### EXERCISE GOAL
Transcribe every record verbatim; no pictures.

(Entries taken from a collection)
= = = =

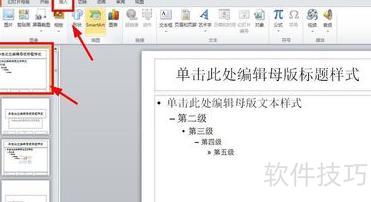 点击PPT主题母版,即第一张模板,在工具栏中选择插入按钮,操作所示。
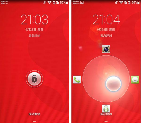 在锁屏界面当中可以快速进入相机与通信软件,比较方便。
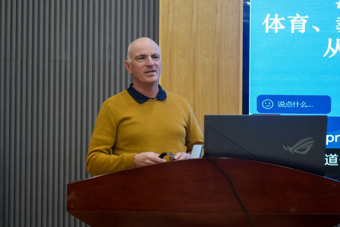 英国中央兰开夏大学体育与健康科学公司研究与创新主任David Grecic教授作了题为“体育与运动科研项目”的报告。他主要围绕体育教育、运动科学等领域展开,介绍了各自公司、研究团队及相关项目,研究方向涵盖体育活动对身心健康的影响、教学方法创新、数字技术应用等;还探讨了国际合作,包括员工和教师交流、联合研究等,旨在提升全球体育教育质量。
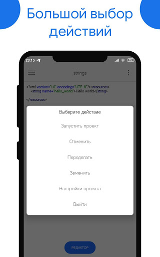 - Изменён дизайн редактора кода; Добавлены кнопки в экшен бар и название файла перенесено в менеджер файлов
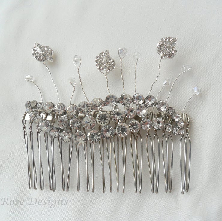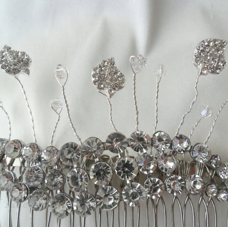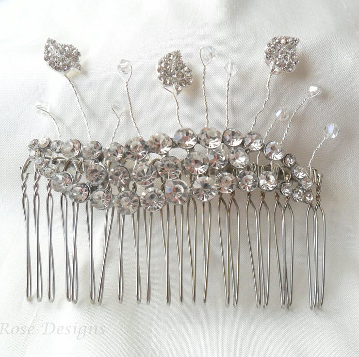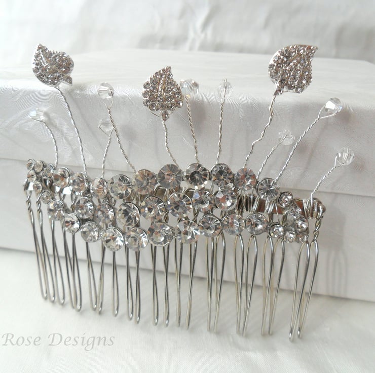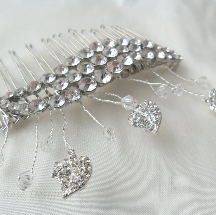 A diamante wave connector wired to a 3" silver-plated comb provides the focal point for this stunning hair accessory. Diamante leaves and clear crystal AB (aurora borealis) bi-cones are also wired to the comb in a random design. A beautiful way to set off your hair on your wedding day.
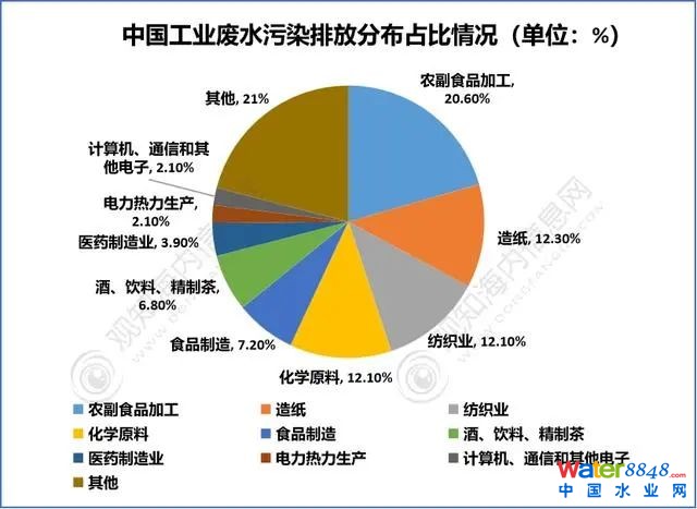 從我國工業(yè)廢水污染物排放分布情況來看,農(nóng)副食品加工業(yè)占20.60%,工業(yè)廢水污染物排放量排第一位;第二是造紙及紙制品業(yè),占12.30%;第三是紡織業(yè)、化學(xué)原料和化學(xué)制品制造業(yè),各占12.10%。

= = = =

### ANSWER TO THE EXERCISE
 点击PPT主题母版,即第一张模板,在工具栏中选择插入按钮,操作所示。
 在锁屏界面当中可以快速进入相机与通信软件,比较方便。
 英国中央兰开夏大学体育与健康科学公司研究与创新主任David Grecic教授作了题为“体育与运动科研项目”的报告。他主要围绕体育教育、运动科学等领域展开,介绍了各自公司、研究团队及相关项目,研究方向涵盖体育活动对身心健康的影响、教学方法创新、数字技术应用等;还探讨了国际合作,包括员工和教师交流、联合研究等,旨在提升全球体育教育质量。
 - Изменён дизайн редактора кода; Добавлены кнопки в экшен бар и название файла перенесено в менеджер файлов
 A diamante wave connector wired to a 3" silver-plated comb provides the focal point for this stunning hair accessory. Diamante leaves and clear crystal AB (aurora borealis) bi-cones are also wired to the comb in a random design. A beautiful way to set off your hair on your wedding day.
 從我國工業(yè)廢水污染物排放分布情況來看,農(nóng)副食品加工業(yè)占20.60%,工業(yè)廢水污染物排放量排第一位;第二是造紙及紙制品業(yè),占12.30%;第三是紡織業(yè)、化學(xué)原料和化學(xué)制品制造業(yè),各占12.10%。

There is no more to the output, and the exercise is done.